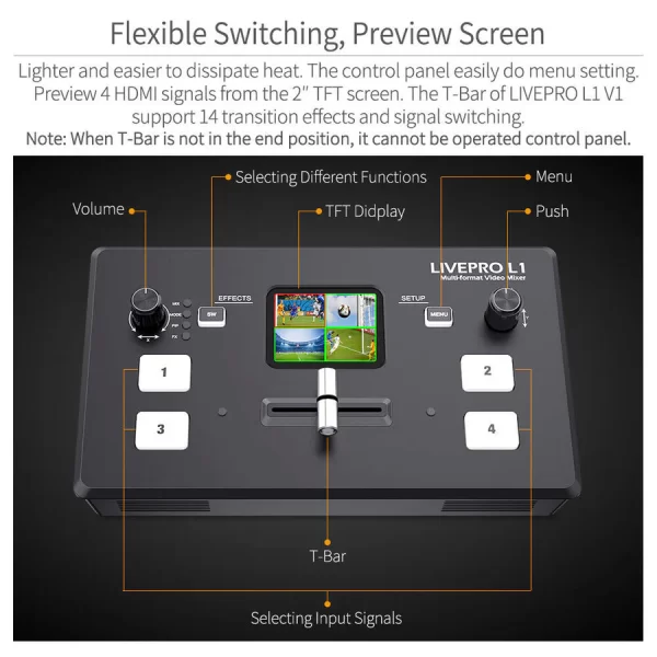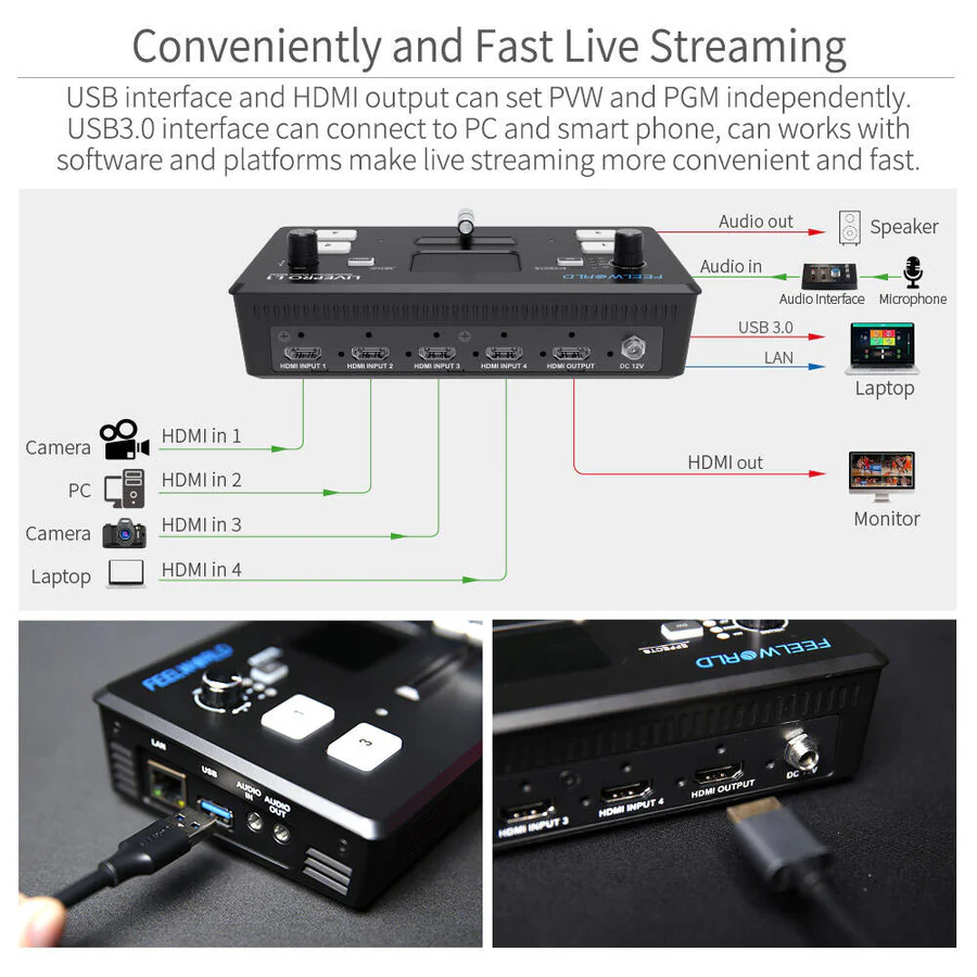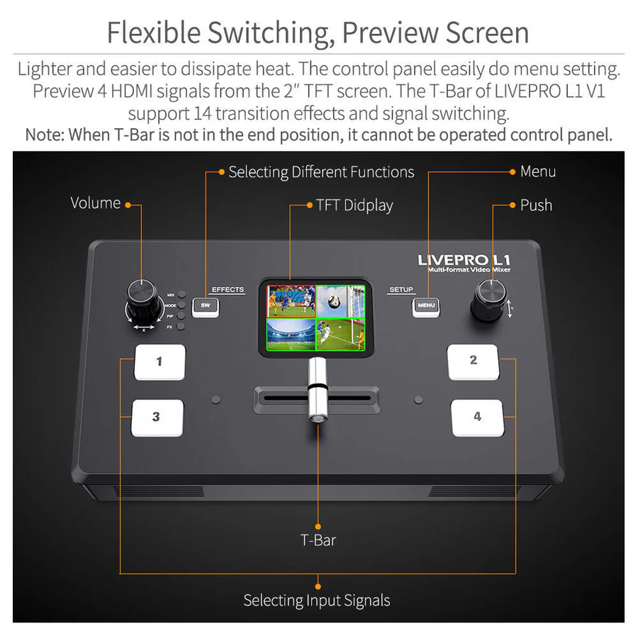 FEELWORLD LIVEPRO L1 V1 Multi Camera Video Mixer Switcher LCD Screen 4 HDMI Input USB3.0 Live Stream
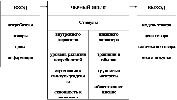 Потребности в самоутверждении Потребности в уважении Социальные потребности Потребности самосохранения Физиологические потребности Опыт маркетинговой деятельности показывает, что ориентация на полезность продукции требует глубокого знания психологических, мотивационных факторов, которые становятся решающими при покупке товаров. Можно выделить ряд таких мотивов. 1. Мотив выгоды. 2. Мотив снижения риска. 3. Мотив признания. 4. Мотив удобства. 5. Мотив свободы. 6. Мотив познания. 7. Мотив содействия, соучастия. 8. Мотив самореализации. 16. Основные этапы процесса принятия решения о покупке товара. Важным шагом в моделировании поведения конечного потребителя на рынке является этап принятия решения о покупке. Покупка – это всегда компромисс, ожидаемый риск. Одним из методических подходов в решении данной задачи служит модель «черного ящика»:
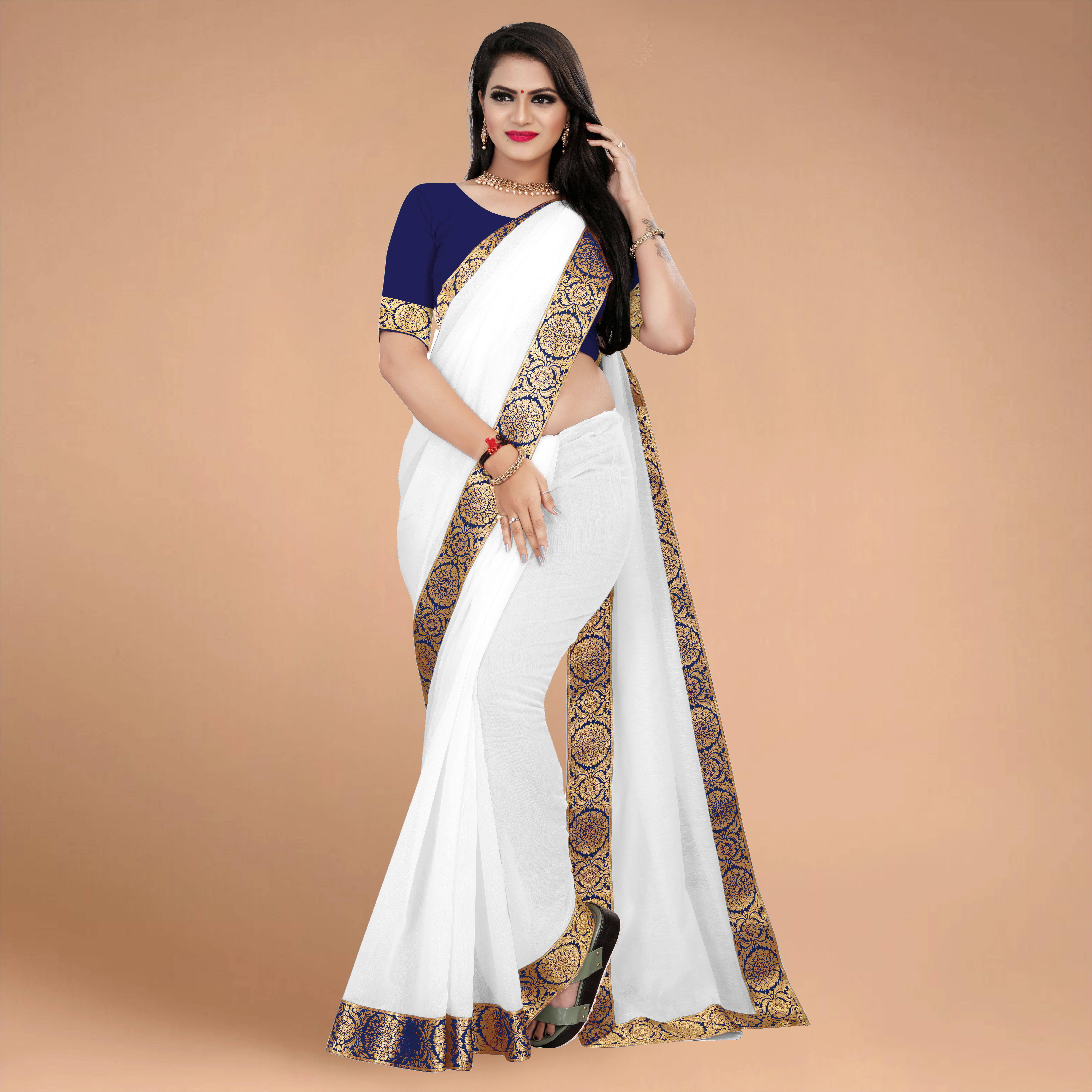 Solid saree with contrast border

================

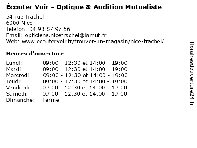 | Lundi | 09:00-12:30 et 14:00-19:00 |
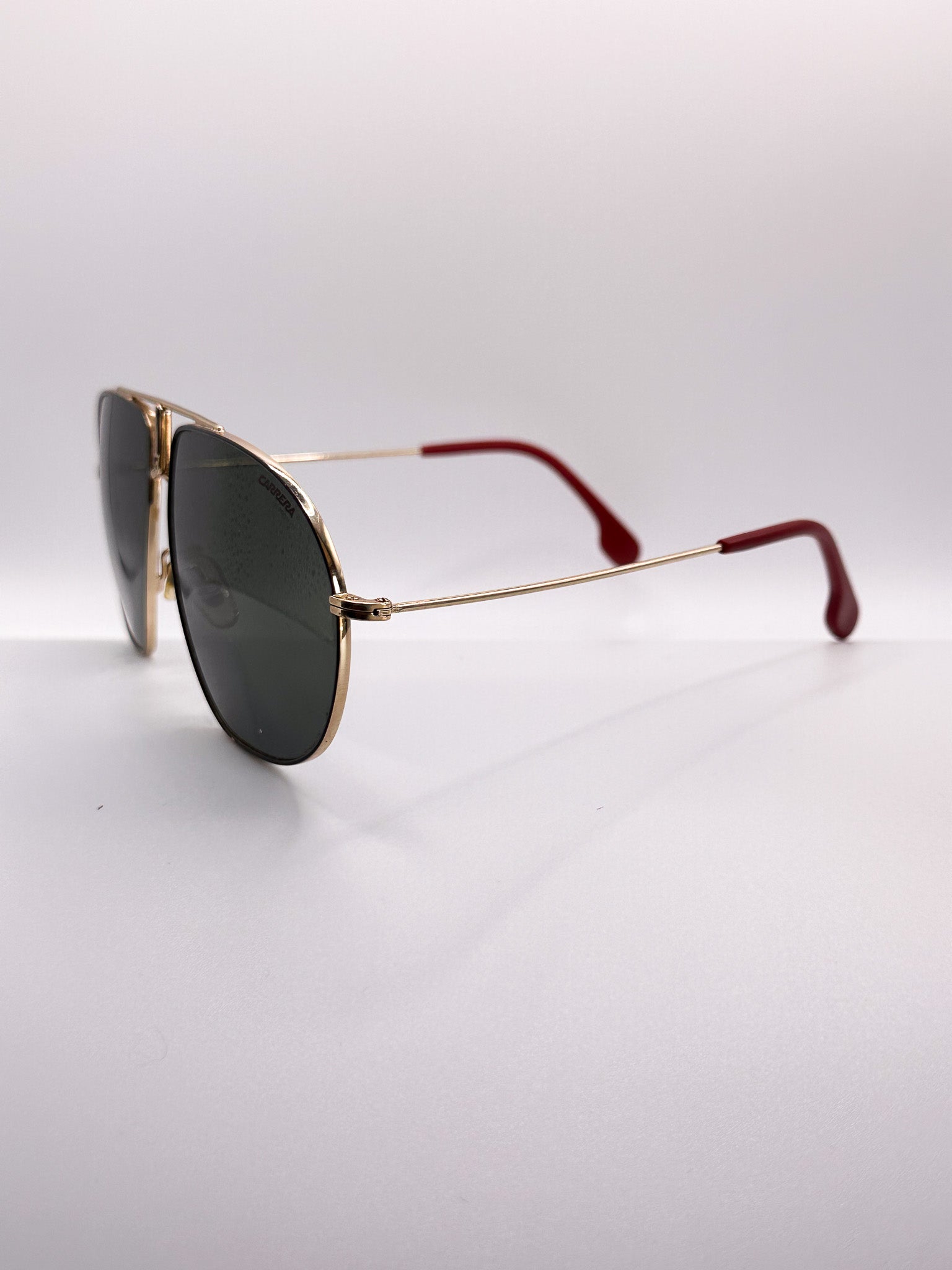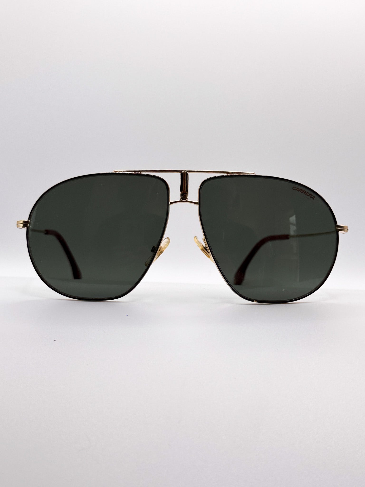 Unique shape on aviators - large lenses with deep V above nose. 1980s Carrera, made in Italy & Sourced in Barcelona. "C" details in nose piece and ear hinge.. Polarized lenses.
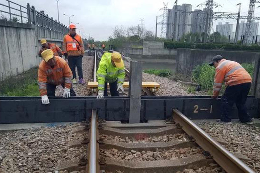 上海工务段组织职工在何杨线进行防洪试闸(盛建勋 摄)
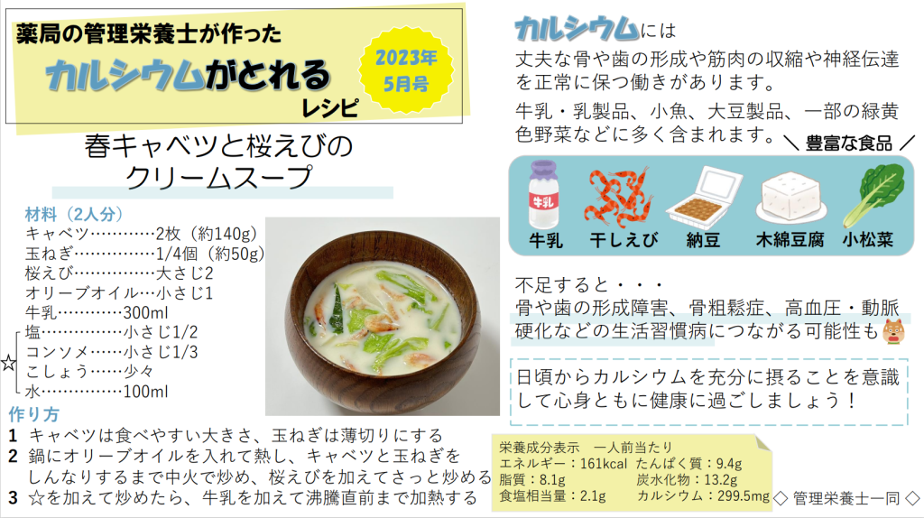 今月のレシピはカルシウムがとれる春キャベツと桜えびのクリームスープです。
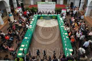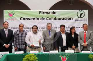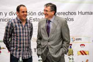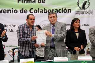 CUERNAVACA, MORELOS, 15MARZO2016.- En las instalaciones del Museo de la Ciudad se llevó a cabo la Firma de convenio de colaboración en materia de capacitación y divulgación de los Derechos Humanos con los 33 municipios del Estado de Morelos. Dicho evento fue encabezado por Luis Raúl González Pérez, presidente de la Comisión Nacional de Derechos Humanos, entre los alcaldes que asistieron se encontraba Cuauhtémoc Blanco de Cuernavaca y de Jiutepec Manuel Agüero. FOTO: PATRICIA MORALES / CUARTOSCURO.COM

================

WHAT TO DO: Exact copy, pictures excluded: every line above from the one containing "今月のレシピはカルシウムがとれる春キャベツと桜えびのクリームスープです。" to the one containing "CUERNAVACA, MORELOS, 15MARZO2016.- En", inclusive, and nothing more.

TASK RESULT:
 今月のレシピはカルシウムがとれる春キャベツと桜えびのクリームスープです。
 CUERNAVACA, MORELOS, 15MARZO2016.- En las instalaciones del Museo de la Ciudad se llevó a cabo la Firma de convenio de colaboración en materia de capacitación y divulgación de los Derechos Humanos con los 33 municipios del Estado de Morelos. Dicho evento fue encabezado por Luis Raúl González Pérez, presidente de la Comisión Nacional de Derechos Humanos, entre los alcaldes que asistieron se encontraba Cuauhtémoc Blanco de Cuernavaca y de Jiutepec Manuel Agüero. FOTO: PATRICIA MORALES / CUARTOSCURO.COM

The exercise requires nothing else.